Every year on the first Sunday in August there is a Cherry Pie Festival, which has been a tradition in Cadsden for over 100 years.

Grangelands and Pulpit Hill, which stretch from Cadsden to Kimble, are a Site of Special Scientific Interest (SSSI) with an array of wildlife including glow worms and the bee orchid. Up on Pulpit Hill, set within Pulpit Woods, are the remains of an Iron Age hill fort, a scheduled ancient monument.

In 2010, several sites in Buckinghamshire, including Pulpit Hill, were chosen to help conserve the common juniper, due to a 40% decline in the plant's local population. The project was partly funded by Buckinghamshire County Council. It is unclear what caused the juniper plant's decline in the area. Threats possibly include foraging species, such as deer and rabbits, as well as Phytophthora root rot and Phytophthora austrocedrae.

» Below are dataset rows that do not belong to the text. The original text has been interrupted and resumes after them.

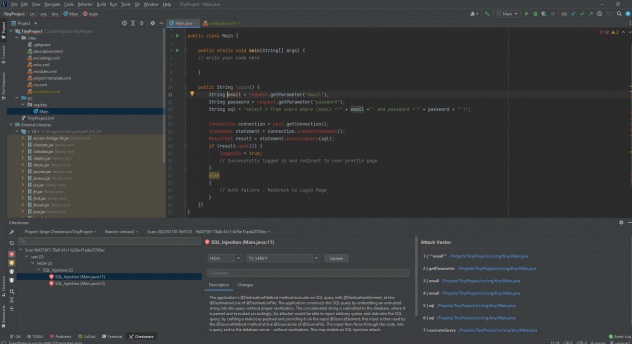 Il est à noter que Checkmarx propose au sein d’IntelliJ une vue permettant au développeur de parcourir le vecteur d’attaque directement dans l’IDE, ainsi le développeur peut consulter les résultats d’analyse Checkmarx directement dans son environnement de travail.
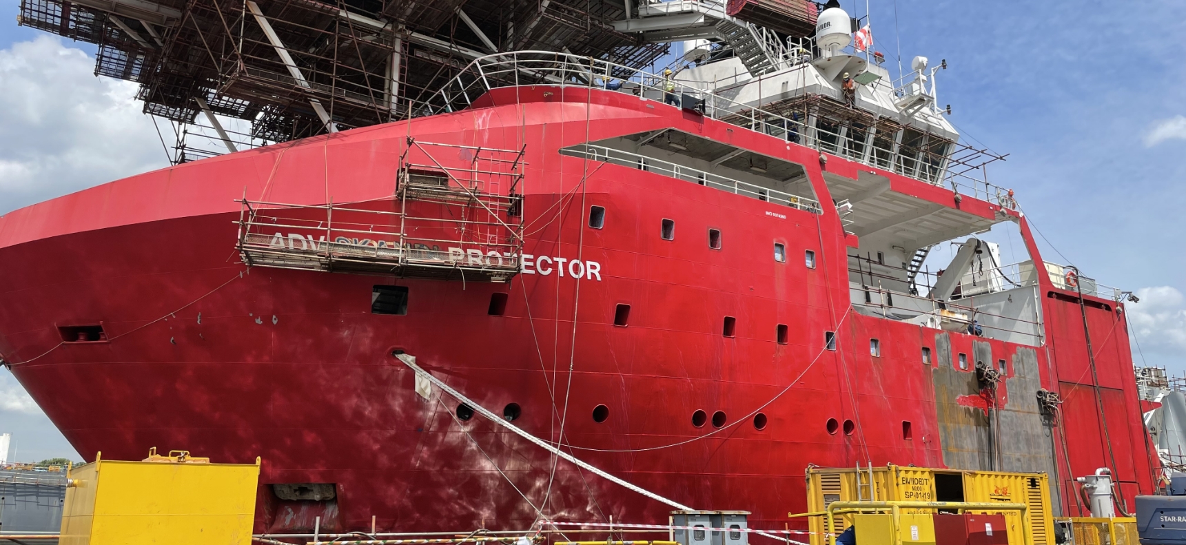 Removal of 200 m2 – 2,150 ft2 coating, rust and heavy marine growth.
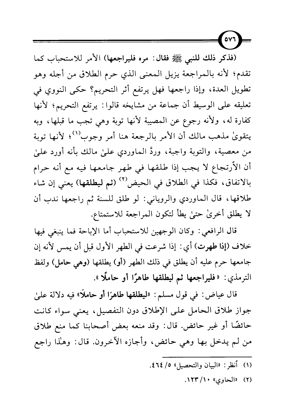 (فذكر ذلك للنبي - صلى الله عليه وسلم - فقال: مره فليراجعها) الأمر للاستحباب كما تقدم؛ لأنه بالمراجعة يزيل المعنى الذي حرم الطلاق من أجله وهو تطويل العدة، وإذا راجعها فهل يرتفع أثر التحريم؟ حكى النووي في تعليقه على الوسيط أن جماعة من مشايخه قالوا: يرتفع التحريم؛ لأنها كفارة له، ولأنه رجوع عن المصيبة لأنها توبة وهي تجب ما قبلها، وبه يتقوى مذهب مالك أن الأمر بالرجعة هنا أمر وجوب (¬1)؛ لأنها توبة من معصية، والتوبة واجبة، وردَّ الماوردي على مالك بأنه أورد على أن الارتجاع لا يجب إذا طلقها في طهر جامعها فيه مع أنه حرام بالاتفاق، فكذا في الطلاق في الحيض (¬2) (ثم ليطلقها) يعني إن شاء طلاقها، قال الماوردي والروياني: لو طلق للسنة ثم راجعها ندب أن لا يطلق أخرى حتى يطأ لتكون المراجعة للاستمتاع.
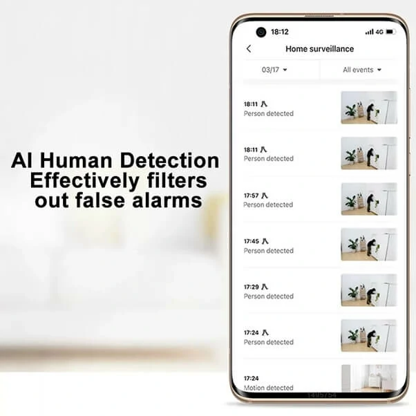 【Alerte de détection de mouvement AI】 Grâce à l’intégration de la technologie d’apprentissage en profondeur et à l’optimisation ciblée des algorithmes et du logiciel réseau, la caméra est capable de déterminer avec précision quand vous alerter et vous avertir sur votre téléphone.
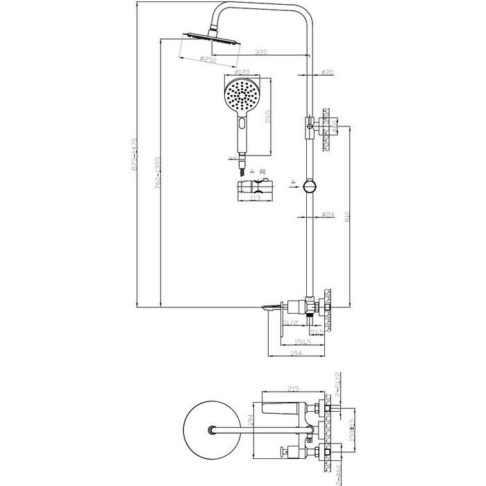 Душевая система 250 мм Cezares Momento MOMENTO-CD-01

Whiteleaf Golf Course, which occupies the land between Whiteleaf and Cadsden, is a 9-hole course established in 1907. During the winter months when it snows, the Cadsden end of the course is used for tobogganing.

Local issues are addressed and events organised by the Whiteleaf and Cadsden Resident's Association.

Sarah Harding from Girls Aloud was a resident of Cadsden between 2008 and 2017.

== Relationship with Prime Ministers ==

Chequers, the Prime Minister's country residence, is the first property encountered along The Ridgeway path north east from Cadsden. This walk was featured in an article published by The Sunday Times in June 2010.

The Plough at Cadsden is a country pub which is used by Prime Ministers due to its proximity to Chequers.

In November 2015, former Prime Minister David Cameron visited The Plough with General Secretary of the Chinese Communist Party Xi Jinping for a pint of real ale and fish and chips.

== Millionaires Row ==
Cadsden is colloquially known as "Millionaires Row," since the average house price on Cadsden Road is over £1 million. The average property price, as of 2022, is £1,295,000, which is nearly double the average in London.

== TV location ==
Cadsden was featured in the Midsomer Murders episode "Down Among the Dead Men" where it was called Cadsden Ridge.

Cadsden Road was used in an episode of Hammer House of Horror, where Warren Clarke crashed his car there.